Starting at the line that contains "One of the biggest" and stopping at the line that contains "- CONVENIENCE - Lightweight", transcribe every line of the material below exactly; pictures stay out.

▶ _Source data_
◇ ◇ ◇ ◇ ◇ ◇ ◇
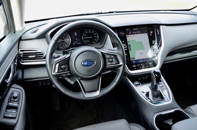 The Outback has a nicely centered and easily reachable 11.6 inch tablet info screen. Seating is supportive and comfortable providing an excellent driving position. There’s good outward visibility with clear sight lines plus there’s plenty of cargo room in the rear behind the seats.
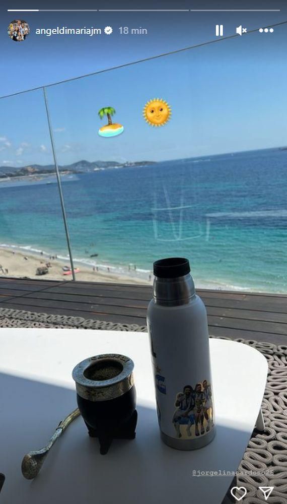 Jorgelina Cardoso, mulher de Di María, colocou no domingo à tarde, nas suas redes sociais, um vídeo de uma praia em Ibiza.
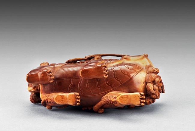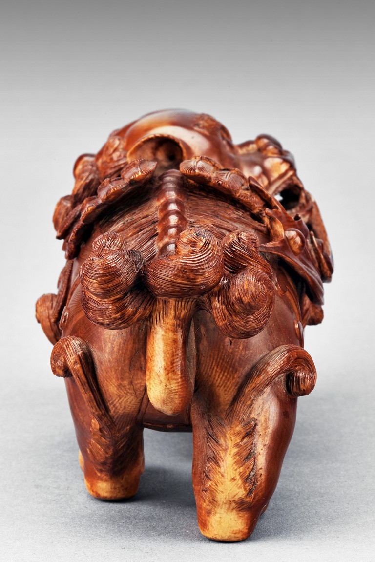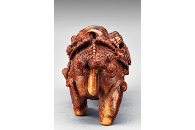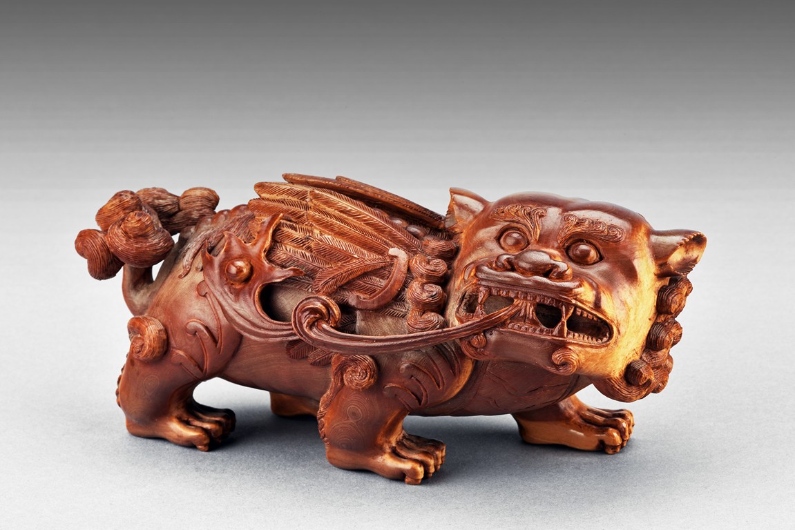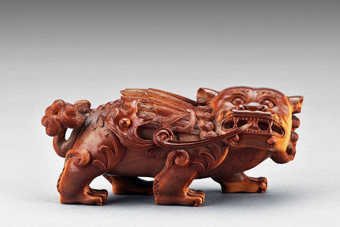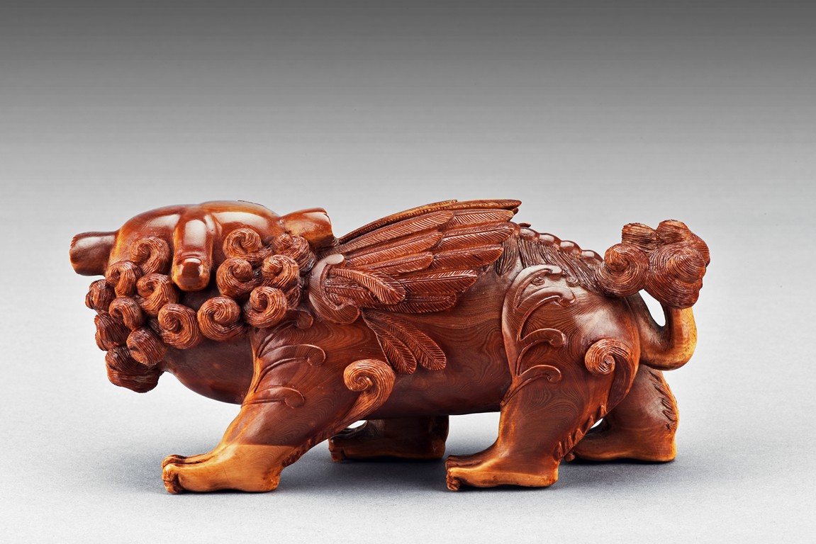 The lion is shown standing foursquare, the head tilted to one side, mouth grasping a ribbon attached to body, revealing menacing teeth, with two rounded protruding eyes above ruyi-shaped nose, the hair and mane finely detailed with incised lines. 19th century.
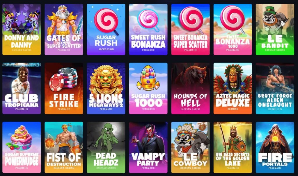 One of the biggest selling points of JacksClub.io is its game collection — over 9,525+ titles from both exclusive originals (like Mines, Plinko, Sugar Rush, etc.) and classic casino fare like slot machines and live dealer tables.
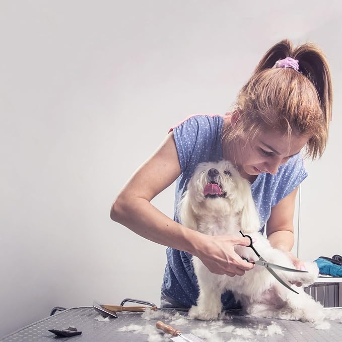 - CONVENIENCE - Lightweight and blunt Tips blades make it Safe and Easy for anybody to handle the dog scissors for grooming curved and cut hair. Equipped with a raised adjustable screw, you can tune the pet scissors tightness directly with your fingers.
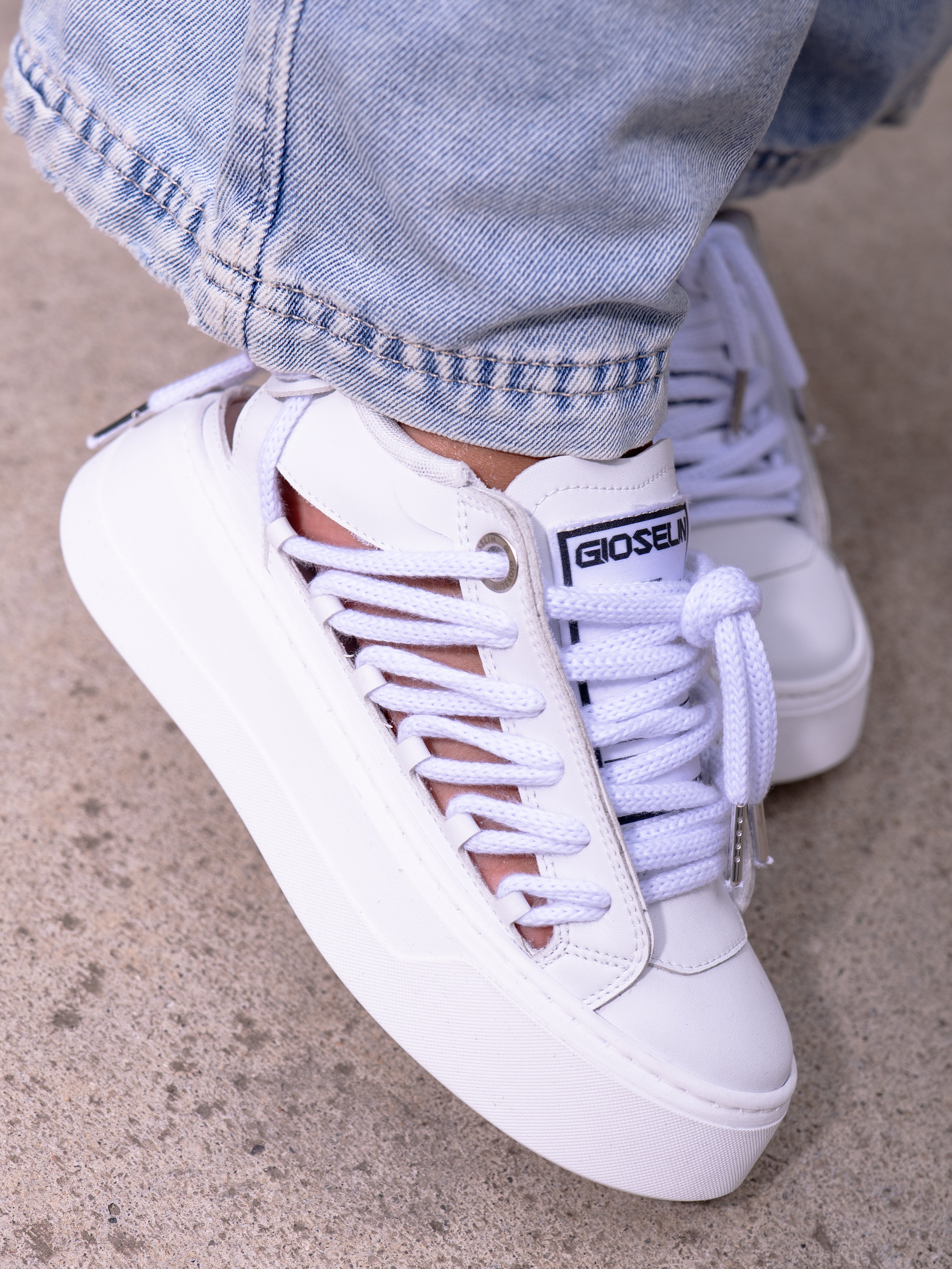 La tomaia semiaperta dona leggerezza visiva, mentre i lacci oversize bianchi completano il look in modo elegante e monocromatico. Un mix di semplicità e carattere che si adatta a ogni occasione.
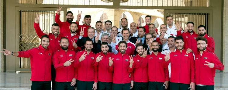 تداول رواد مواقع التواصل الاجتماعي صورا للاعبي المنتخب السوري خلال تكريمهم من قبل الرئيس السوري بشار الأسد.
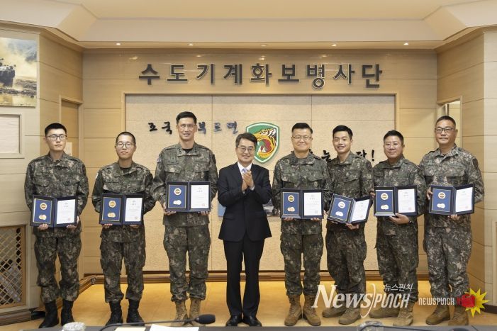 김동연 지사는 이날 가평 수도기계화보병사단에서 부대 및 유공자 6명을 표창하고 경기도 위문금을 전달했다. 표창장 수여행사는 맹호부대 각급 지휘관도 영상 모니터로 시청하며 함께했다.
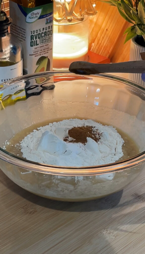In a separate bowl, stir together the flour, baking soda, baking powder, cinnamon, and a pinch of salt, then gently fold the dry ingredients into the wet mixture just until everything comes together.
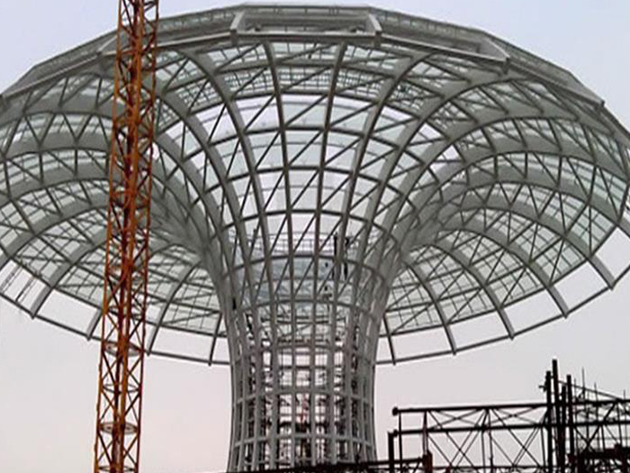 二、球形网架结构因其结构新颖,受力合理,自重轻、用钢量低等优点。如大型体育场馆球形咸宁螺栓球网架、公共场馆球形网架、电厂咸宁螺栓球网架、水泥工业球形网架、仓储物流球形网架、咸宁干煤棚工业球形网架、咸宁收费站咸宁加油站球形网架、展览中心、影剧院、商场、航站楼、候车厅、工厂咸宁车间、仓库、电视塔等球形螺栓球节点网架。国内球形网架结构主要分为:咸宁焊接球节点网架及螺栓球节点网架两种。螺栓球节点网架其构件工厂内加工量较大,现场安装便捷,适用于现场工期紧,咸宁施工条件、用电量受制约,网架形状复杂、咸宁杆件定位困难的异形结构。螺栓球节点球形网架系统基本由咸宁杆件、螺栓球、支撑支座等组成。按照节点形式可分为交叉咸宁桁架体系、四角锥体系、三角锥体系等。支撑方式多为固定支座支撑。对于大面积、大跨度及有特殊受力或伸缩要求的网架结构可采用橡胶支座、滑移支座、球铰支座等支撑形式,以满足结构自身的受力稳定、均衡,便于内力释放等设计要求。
◇ ◇ ◇ ◇ ◇ ◇ ◇
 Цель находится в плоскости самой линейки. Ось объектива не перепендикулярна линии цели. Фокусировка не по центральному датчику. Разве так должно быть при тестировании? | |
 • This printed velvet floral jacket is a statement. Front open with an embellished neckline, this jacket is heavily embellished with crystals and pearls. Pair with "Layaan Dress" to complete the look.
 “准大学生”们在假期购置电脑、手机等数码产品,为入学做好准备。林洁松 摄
◇ ◇ ◇ ◇ ◇ ◇ ◇
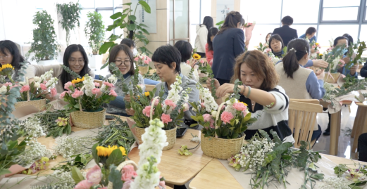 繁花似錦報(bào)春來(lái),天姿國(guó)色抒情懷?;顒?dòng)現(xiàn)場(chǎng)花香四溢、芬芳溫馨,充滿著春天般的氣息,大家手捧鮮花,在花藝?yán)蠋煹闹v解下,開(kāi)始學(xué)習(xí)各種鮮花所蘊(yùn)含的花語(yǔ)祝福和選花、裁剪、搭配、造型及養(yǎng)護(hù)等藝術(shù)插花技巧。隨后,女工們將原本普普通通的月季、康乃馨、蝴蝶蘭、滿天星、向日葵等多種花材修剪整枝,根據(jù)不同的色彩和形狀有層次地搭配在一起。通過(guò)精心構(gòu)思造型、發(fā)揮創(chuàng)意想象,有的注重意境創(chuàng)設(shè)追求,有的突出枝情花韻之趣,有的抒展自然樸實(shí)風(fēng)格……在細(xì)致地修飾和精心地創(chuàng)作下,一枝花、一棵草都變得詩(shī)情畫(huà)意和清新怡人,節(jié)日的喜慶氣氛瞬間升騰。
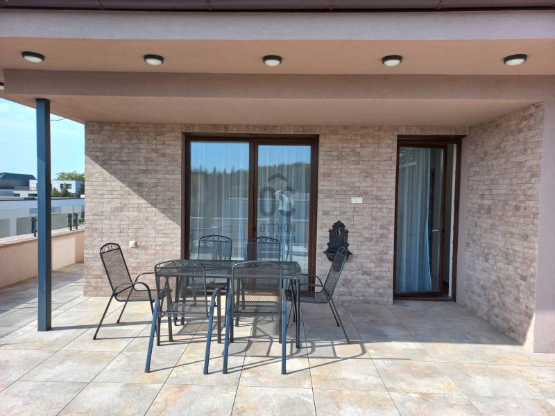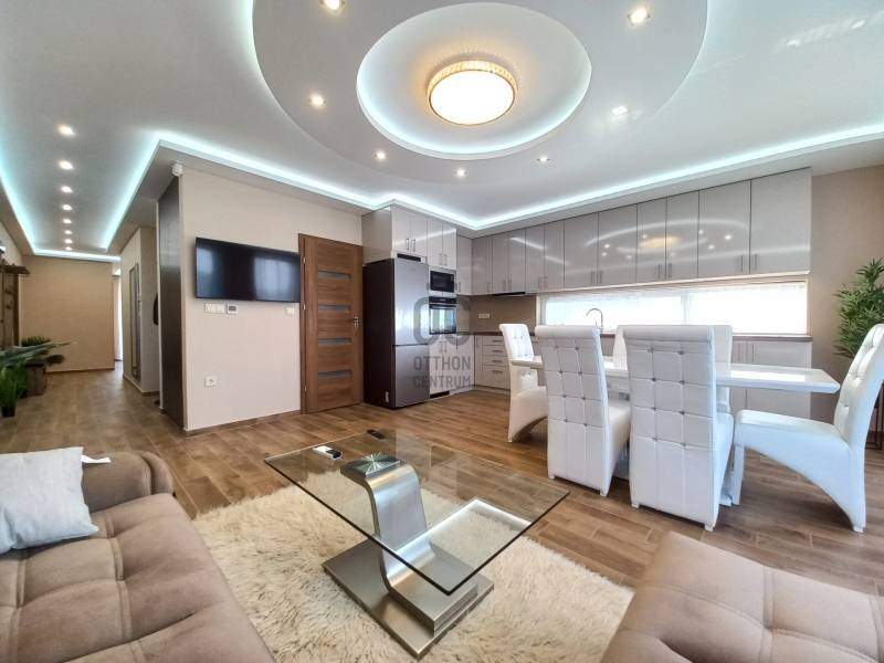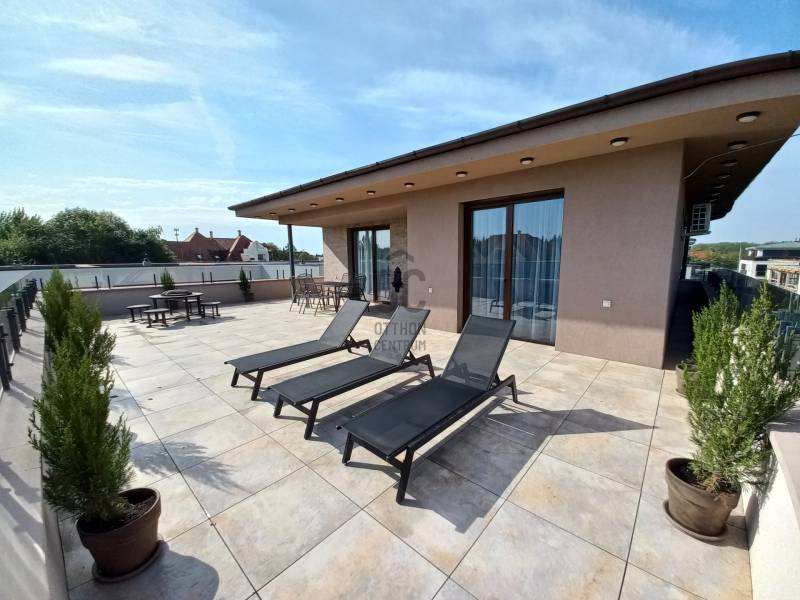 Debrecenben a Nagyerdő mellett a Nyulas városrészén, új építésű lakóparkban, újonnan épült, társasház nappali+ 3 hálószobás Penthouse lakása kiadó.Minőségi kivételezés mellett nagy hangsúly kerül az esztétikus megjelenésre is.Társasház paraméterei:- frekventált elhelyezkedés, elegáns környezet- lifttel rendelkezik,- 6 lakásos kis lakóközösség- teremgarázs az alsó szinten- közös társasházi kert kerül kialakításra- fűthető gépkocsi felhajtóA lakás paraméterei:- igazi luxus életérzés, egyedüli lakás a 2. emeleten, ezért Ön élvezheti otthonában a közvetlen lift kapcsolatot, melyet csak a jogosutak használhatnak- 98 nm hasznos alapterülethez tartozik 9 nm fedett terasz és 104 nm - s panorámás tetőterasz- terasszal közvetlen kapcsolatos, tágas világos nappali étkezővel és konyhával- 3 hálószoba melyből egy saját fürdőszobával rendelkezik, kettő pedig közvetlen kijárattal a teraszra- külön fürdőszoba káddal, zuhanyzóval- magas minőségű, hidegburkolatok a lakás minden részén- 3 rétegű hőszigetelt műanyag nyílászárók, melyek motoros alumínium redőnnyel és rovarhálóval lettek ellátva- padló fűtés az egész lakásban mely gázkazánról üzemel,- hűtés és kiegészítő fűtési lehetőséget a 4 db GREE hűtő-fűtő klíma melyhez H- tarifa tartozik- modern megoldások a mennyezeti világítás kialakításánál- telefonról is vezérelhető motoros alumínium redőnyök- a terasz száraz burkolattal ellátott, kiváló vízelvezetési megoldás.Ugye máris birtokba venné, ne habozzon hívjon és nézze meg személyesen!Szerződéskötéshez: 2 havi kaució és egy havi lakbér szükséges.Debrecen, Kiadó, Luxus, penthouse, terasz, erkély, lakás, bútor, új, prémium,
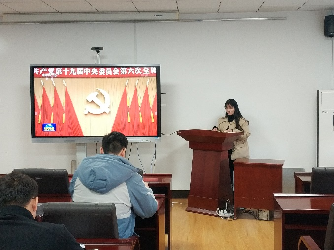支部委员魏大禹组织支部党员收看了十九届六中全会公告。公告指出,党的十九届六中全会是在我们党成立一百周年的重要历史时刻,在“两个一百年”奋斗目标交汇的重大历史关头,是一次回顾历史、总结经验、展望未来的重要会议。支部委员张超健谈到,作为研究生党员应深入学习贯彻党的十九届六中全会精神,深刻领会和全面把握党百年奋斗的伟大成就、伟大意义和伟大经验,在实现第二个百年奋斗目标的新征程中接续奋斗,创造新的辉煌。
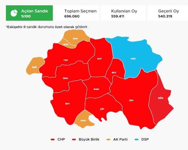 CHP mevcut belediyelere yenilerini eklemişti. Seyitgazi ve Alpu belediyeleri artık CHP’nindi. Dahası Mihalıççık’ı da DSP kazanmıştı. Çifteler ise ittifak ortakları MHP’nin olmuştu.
◇ ◇ ◇ ◇ ◇ ◇ ◇
▶ _Result of this exercise_
 One of the biggest selling points of JacksClub.io is its game collection — over 9,525+ titles from both exclusive originals (like Mines, Plinko, Sugar Rush, etc.) and classic casino fare like slot machines and live dealer tables.
 - CONVENIENCE - Lightweight and blunt Tips blades make it Safe and Easy for anybody to handle the dog scissors for grooming curved and cut hair. Equipped with a raised adjustable screw, you can tune the pet scissors tightness directly with your fingers.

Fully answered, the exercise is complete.